Why was 1930s politics so radical and so authoritarian?
Germany, Russia, Italy, and Austria all had authoritarian dictators who exerted near-complete control over internal politics. America and France both had charismatic strongmen leaders who served unusually long terms.
Nearly all of these leaders pursued radical changes to their society that would seem inappropriate today. Hitler, Mussolini, and Dollphus actually abolished democracy in their countries.
What made 1930s politics so harsh and revolutionary? Just the depression?
>>1888264
Take a long hard look at some eastern european, balkan and emerging western nationalist movements today and ask yourself if we're really that far removed from a similar fate today.
The short answer is however that none of the dictatorships you mentioned had any democratic tradition to begin with. So for them, authoritarian leaders were the norm.
>>1888275
> The short answer is however that none of the dictatorships you mentioned had any democratic tradition to begin with.

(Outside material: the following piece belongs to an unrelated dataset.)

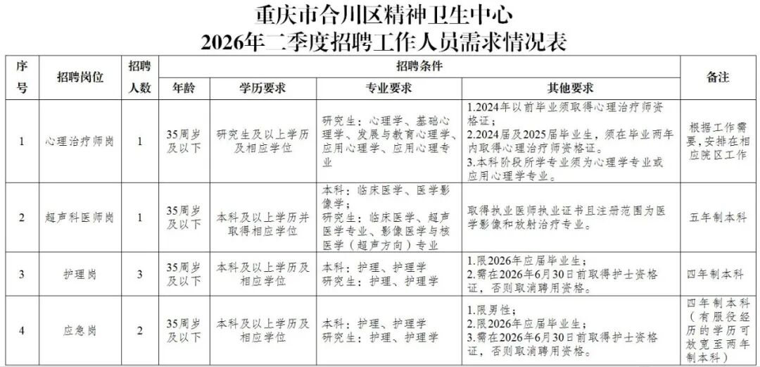 招聘的护理岗位需进行技能操作考试。考试时间:2026年5月7日下午14:00-16:00(如有变化电话通知),考试地点:合川区精神卫生中心(思居院区)。

Italy unified as a liberal nation state akin to the French Republic
>>1888264
Economic crisis was one, national tensions was another, the rise of far left/ far right groups was a cause (both were born out of eachother).
The depression.
For the most part, folks aren't willing to bring war home if it might touch the shit they own. It's a different story if what you own isn't worth much.
>>1890496
Barely 50 years prior to Mussolinis takeover.